Data for this task
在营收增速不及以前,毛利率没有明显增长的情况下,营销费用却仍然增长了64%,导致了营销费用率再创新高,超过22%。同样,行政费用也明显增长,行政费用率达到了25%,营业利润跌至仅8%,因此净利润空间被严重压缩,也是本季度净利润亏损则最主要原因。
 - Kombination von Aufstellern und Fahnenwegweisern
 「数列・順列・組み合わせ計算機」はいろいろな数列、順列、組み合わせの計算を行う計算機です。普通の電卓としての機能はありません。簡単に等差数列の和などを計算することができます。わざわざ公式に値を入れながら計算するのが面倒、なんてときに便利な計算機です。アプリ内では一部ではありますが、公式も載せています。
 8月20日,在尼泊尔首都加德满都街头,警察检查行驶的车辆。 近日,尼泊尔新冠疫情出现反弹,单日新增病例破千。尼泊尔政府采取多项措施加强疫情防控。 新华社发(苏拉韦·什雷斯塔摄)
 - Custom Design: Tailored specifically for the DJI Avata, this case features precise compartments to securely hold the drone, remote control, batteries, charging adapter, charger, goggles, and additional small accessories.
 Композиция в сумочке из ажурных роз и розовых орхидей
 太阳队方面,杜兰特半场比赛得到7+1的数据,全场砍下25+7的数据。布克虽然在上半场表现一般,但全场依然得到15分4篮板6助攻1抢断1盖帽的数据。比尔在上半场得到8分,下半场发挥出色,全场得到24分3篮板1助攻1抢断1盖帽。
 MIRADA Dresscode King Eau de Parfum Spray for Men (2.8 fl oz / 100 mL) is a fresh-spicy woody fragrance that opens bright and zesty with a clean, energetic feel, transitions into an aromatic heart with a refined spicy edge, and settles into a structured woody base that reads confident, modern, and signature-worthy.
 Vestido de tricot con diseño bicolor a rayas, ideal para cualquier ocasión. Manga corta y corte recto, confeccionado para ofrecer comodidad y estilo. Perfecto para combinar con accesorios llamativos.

Goal of the exercise
Nothing may be dropped or altered. Copy every line above.

Result of this exercise
在营收增速不及以前,毛利率没有明显增长的情况下,营销费用却仍然增长了64%,导致了营销费用率再创新高,超过22%。同样,行政费用也明显增长,行政费用率达到了25%,营业利润跌至仅8%,因此净利润空间被严重压缩,也是本季度净利润亏损则最主要原因。
 - Kombination von Aufstellern und Fahnenwegweisern
 「数列・順列・組み合わせ計算機」はいろいろな数列、順列、組み合わせの計算を行う計算機です。普通の電卓としての機能はありません。簡単に等差数列の和などを計算することができます。わざわざ公式に値を入れながら計算するのが面倒、なんてときに便利な計算機です。アプリ内では一部ではありますが、公式も載せています。
 8月20日,在尼泊尔首都加德满都街头,警察检查行驶的车辆。 近日,尼泊尔新冠疫情出现反弹,单日新增病例破千。尼泊尔政府采取多项措施加强疫情防控。 新华社发(苏拉韦·什雷斯塔摄)
 - Custom Design: Tailored specifically for the DJI Avata, this case features precise compartments to securely hold the drone, remote control, batteries, charging adapter, charger, goggles, and additional small accessories.
 Композиция в сумочке из ажурных роз и розовых орхидей
 太阳队方面,杜兰特半场比赛得到7+1的数据,全场砍下25+7的数据。布克虽然在上半场表现一般,但全场依然得到15分4篮板6助攻1抢断1盖帽的数据。比尔在上半场得到8分,下半场发挥出色,全场得到24分3篮板1助攻1抢断1盖帽。
 MIRADA Dresscode King Eau de Parfum Spray for Men (2.8 fl oz / 100 mL) is a fresh-spicy woody fragrance that opens bright and zesty with a clean, energetic feel, transitions into an aromatic heart with a refined spicy edge, and settles into a structured woody base that reads confident, modern, and signature-worthy.
 Vestido de tricot con diseño bicolor a rayas, ideal para cualquier ocasión. Manga corta y corte recto, confeccionado para ofrecer comodidad y estilo. Perfecto para combinar con accesorios llamativos.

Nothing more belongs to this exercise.